他慢慢放下手中的柳條,眼神變得銳利:“你說什麼?”
“機器啊!”
柳青沒察覺到爺爺眼中的不悅,繼續說著,“現在什麼年代了,還用手工剝皮?我們應該...”
“應該什麼?”爺爺的聲音突然提高,“應該把老祖宗的東西都扔了?應該讓機器代替人手?”
“我不是這個意思...”
柳青這才意識到自己觸了雷區。
“柳編之所以叫柳編,就是因為每一道工序都帶著編者的心意!”
爺爺激動得胡子發抖,“機器剝的皮沒有魂,編出來的東西就是死物!”
“可這樣太沒效率了!”
柳青也不甘示弱,
“您一天能剝多少?五十斤?一百斤?靠這個怎麼形成產業?怎麼養活更多人?”
“產業?“爺爺冷笑一聲,”你爸當年也是滿嘴產業,結果呢?”
這句話像刀子一樣捅進柳青心裡。
她猛地站起來,眼眶發熱:“我爸至少嘗試過改變!不像您,寧可看著柳編絕跡也不肯向前看!”
院子的空氣瞬間凝固。
爺爺的臉色變得灰白,他緩緩轉身,走向工具棚:“今天的課到此為止。你回屋吧。”
柳青站在原地,眼淚不爭氣地流下來。
她不是故意要惹爺爺生氣的,但那些話就這樣不受控製地衝出了口。
看著爺爺佝僂的背影,她突然感到一陣愧疚。
深夜,柳青被一陣輕微的咳嗽聲驚醒。她輕手輕腳地下樓,發現後院亮著燈。
爺爺坐在燈下,麵前擺著一個她從未見過的柳編物件——
那是一件小巧精致的嫁衣,隻有娃娃衣服大小,但每個細節都栩栩如生。
嫁衣有些部位已經破損,爺爺正用新剝的柳條小心修補。
柳青屏住呼吸,躲在門後觀察。燈光下,爺爺的表情是她從未見過的溫柔。
他修補的動作極其輕柔,仿佛在對待什麼珍寶。
“要看過來看。
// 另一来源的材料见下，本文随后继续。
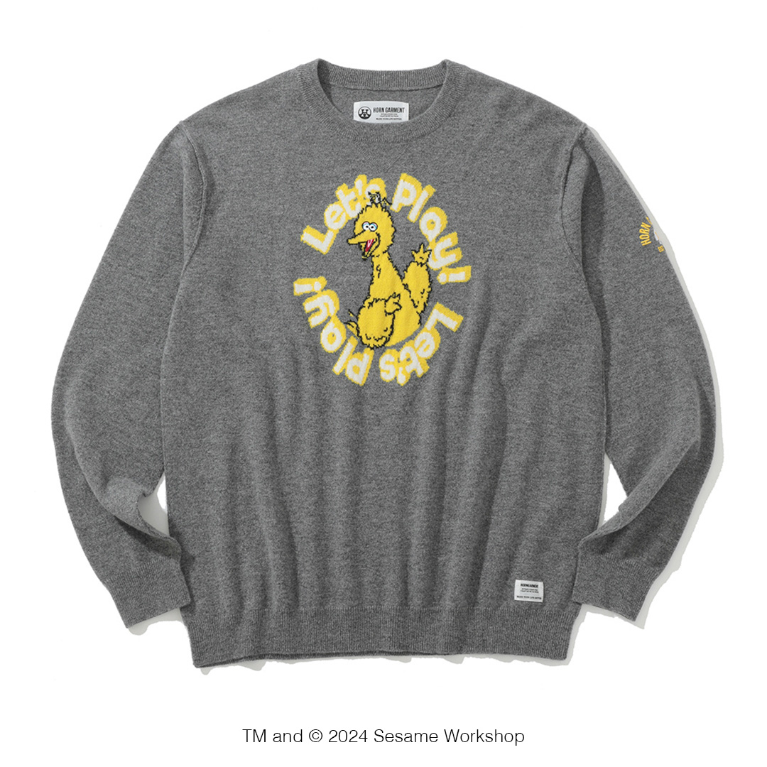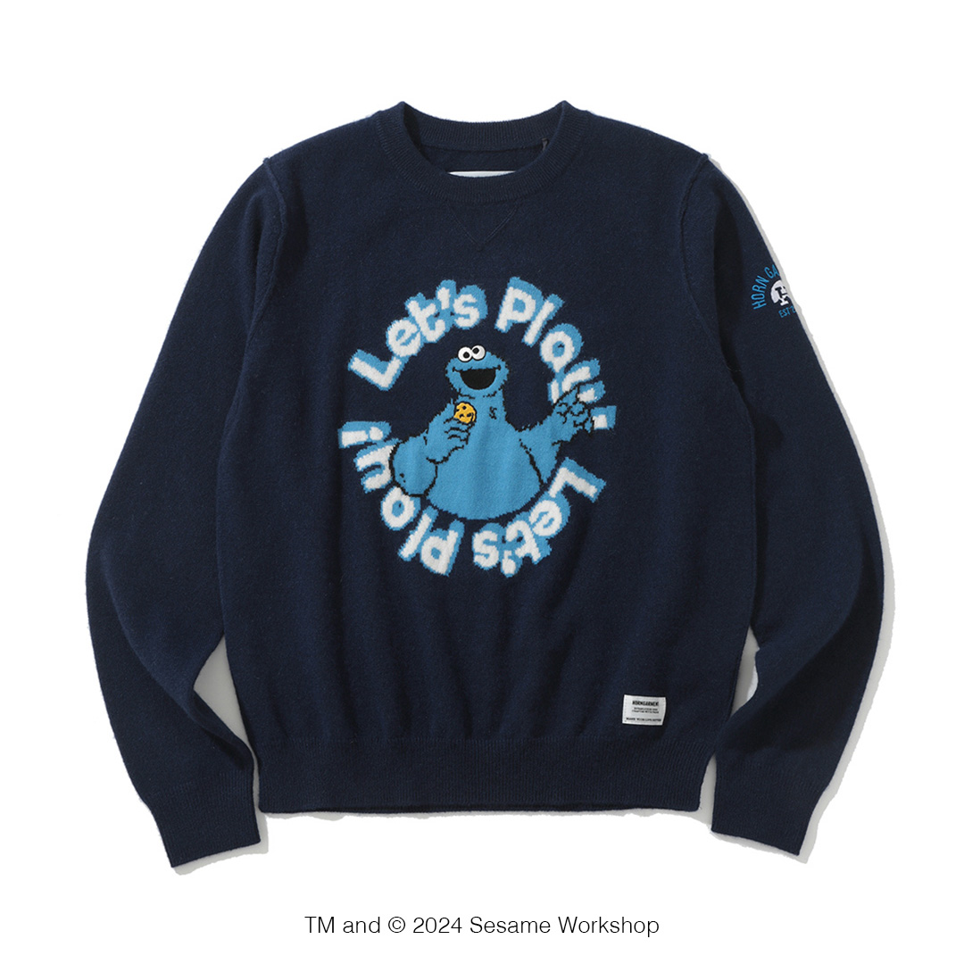 『セサミストリート』とのコラボニット。上質なカシミヤを使用し、 フロントにはジャガードでキャラクターが編み込まれたキャッチーなデザイン。左袖にはブランドアイコンの刺繍を施し、程よいゆとりのレギュラーシルエットで上品かつ快適な1着です。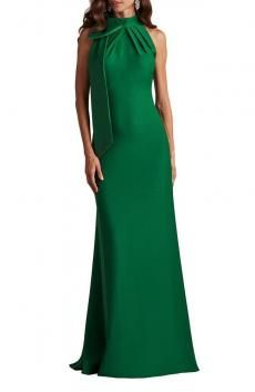 SALE!133,000→100,000円(税抜) 凛としたグリーンが映える ロングドレス。顔周りの華やかな ディテールがポイントです♪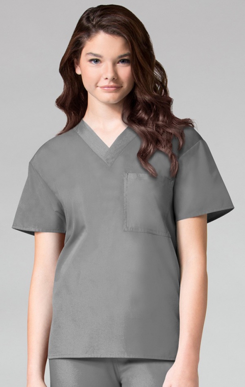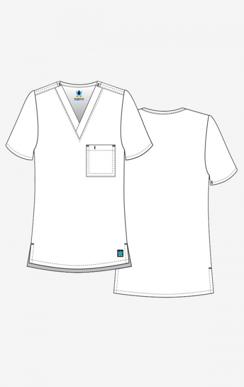 Constructed with Maevn's superior plain weave poplin fabric. Unisex fit V-neck top. One chest pocket with pen slot. Double stitched at shoulders and pockets for durability. Set in sleeves for mobility. Tagless for added comfort.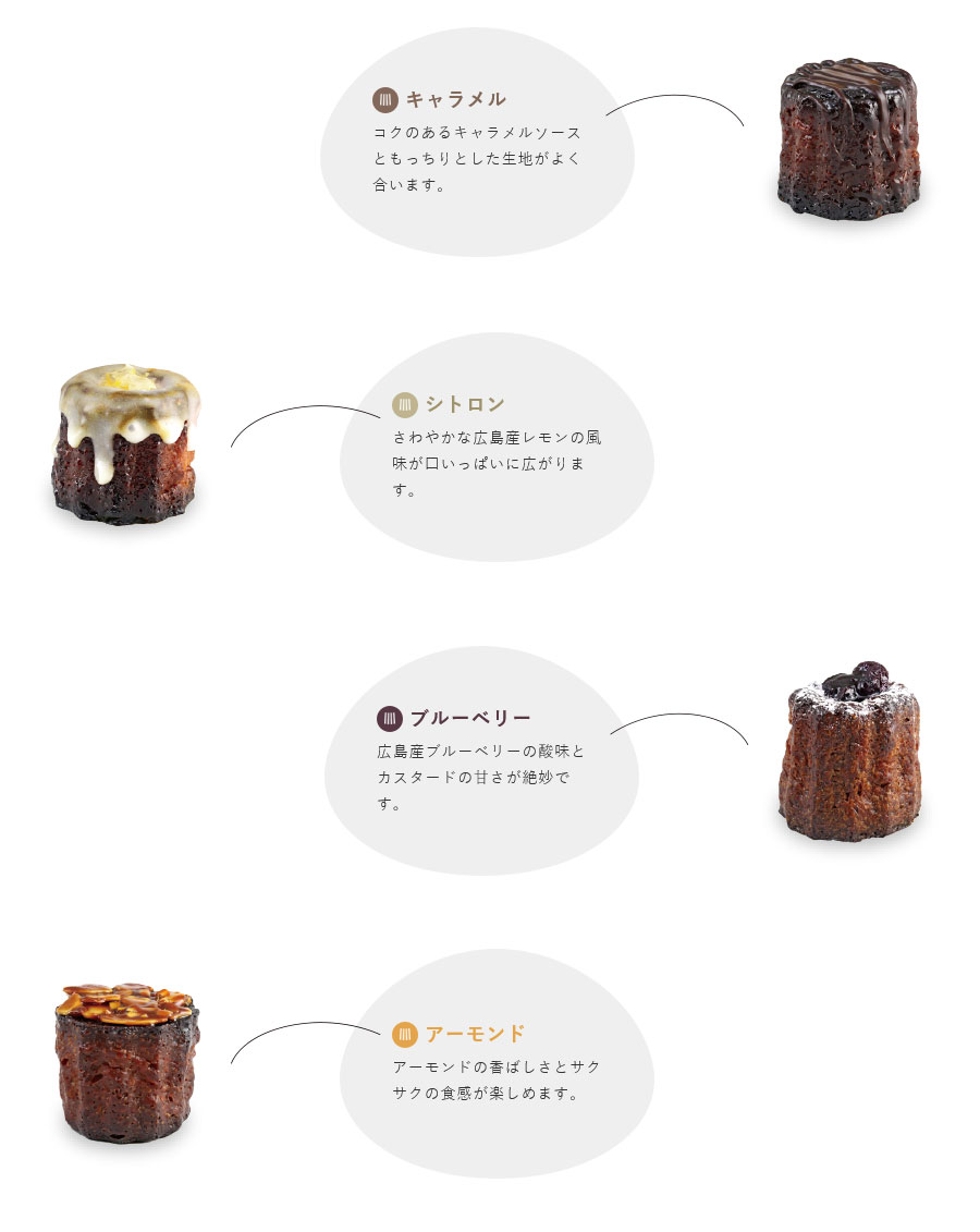 【キャラメルカヌレ】牛乳(国内製造)、生クリーム、砂糖、卵、小麦粉、バター、チョコレート、塩、(一部に卵・小麦・乳成分・大豆を含む)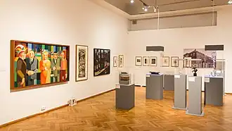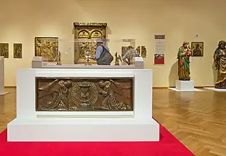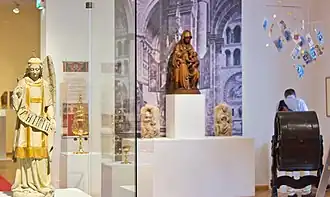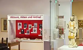 After the Millennium Exhibition in 1925, which presented numerous objects from the historical museum, these were largely transferred to the new Rhenish Museum in Deutz, with which it was eventually merged.[42] Modern exhibition techniques such as "instructive models, casts [and] statistics" were added to the inventory.[9] Due to the concept of the new museum being extended to the Rhineland, objects of rural and middle-class domestic culture from the Lower Rhine region to the Westerwald were added. From 1925 onwards, a collection of Judaica was built up, which now (2013) comprises around 350 objects.[43]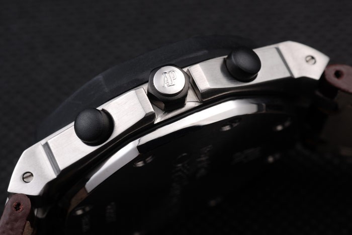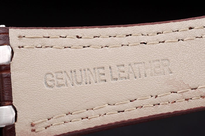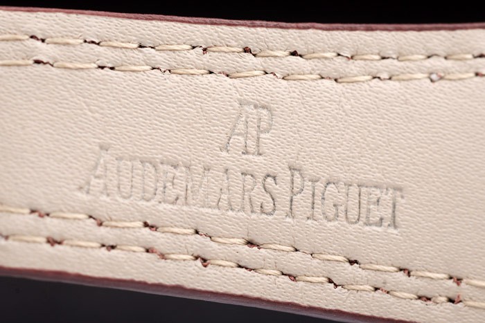 karkötő: Heat dombornyomott Audemars Piguet barna krokodil bőr szíj dupla fehér varrással és Audemars Piguet gravírozott rozsdamentes acélból széthúzható in csattal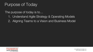 This document contains slides from a presentation on aligning strategy and operating models using agile principles. Some key points include: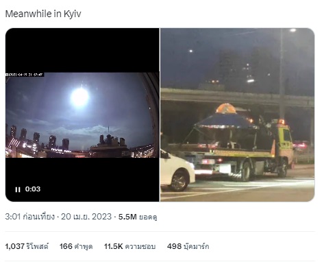 ส่วนปรากฏการณ์แสงประหลาดที่กรุงเคียฟเมื่อเดือนเมษายน 2023ได้รับการคาดการณ์ว่า น่าจะเป็นแสงจากอุกกาบาต ที่เผาไหม้ในชั้นบรรยากาศระหว่างตกลงสู่พื้นโลก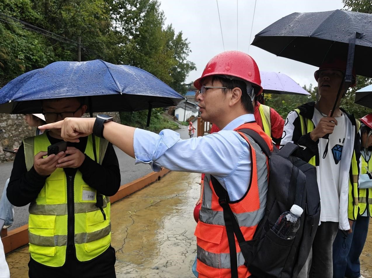 9月13日,天空下起了淅淅沥沥的小雨。大家带上雨伞,背上地质包,按时出发前往填图区南踏勘路线 —— 这是对我们 “地质人” 意志的考验。雨中的山路格外湿滑,每走一步都需要格外小心。何珍文老师带领着我们观察填图区出露的地层界线,教导我们使用地形图定点,并完成野外地质数据采集。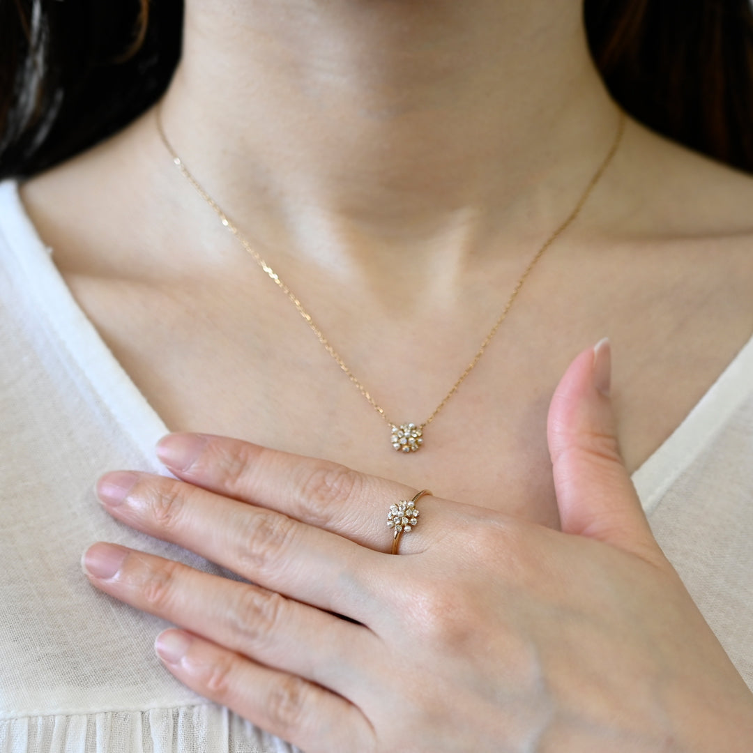 シードパールと、レインボームーンストーンとホワイトトパーズで表現したコレクションです。レインボームーンストーンをセットすることで花弁のはかなげな薄さを、ホワイトトパーズはまるで朝露や雨で輝くように。そしてシードパールはシロツメ草の白さを強調しています。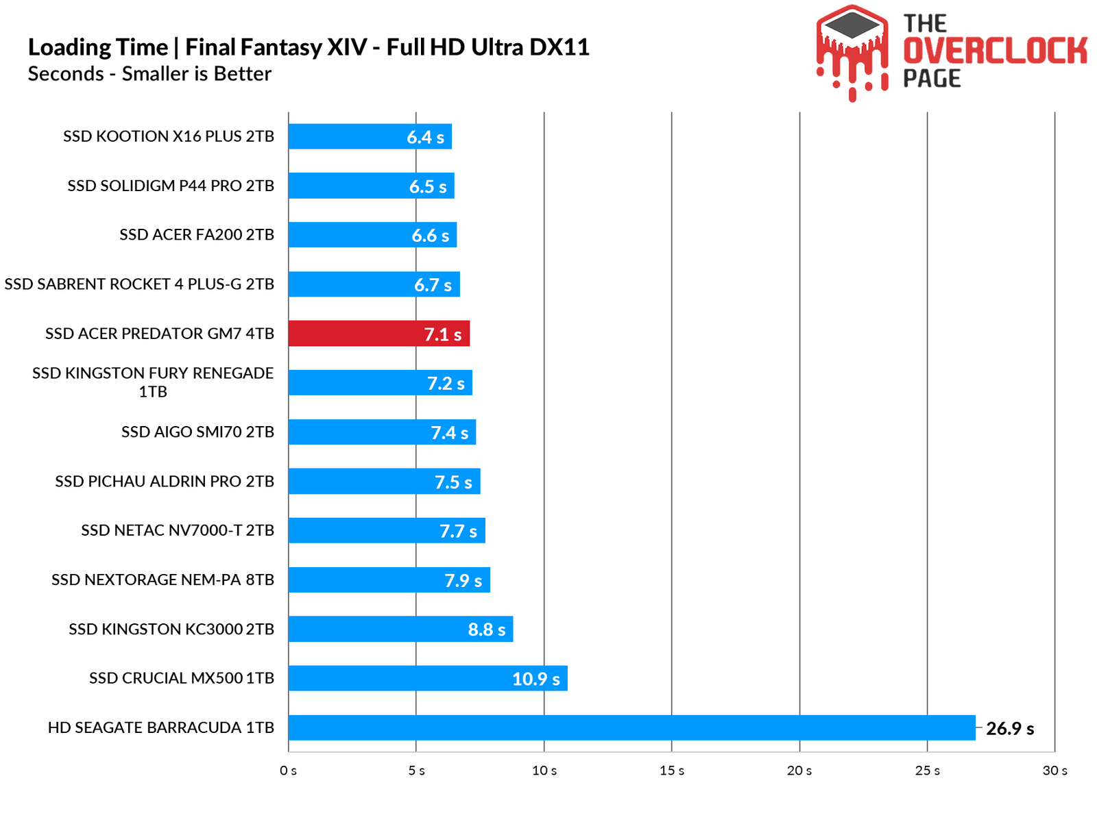 In game loading times, there is no significant difference between NVMe SSDs; it’s just a matter of a few seconds.

“爺爺突然出聲,嚇得柳青差點叫出來。
“爺爺,您真是耳聰目明老當益壯,眼觀六路耳聽八方..“她尷尬地從門後走出來。
“從小到大你這張小嘴比誰都甜,不用拍馬屁了”
爺爺指了指身邊的小凳:“坐吧。”
柳青乖乖坐下,好奇地看著那件柳編嫁衣:“爺爺這是什麼呀...”
“你奶奶的嫁妝。”
爺爺的聲音柔和下來,
“清河鎮有個老習俗,定親時要送一件柳編嫁衣去女方家做聘禮,結婚時女方再帶回來。寓意堅韌持家。這件是你太奶奶編的。”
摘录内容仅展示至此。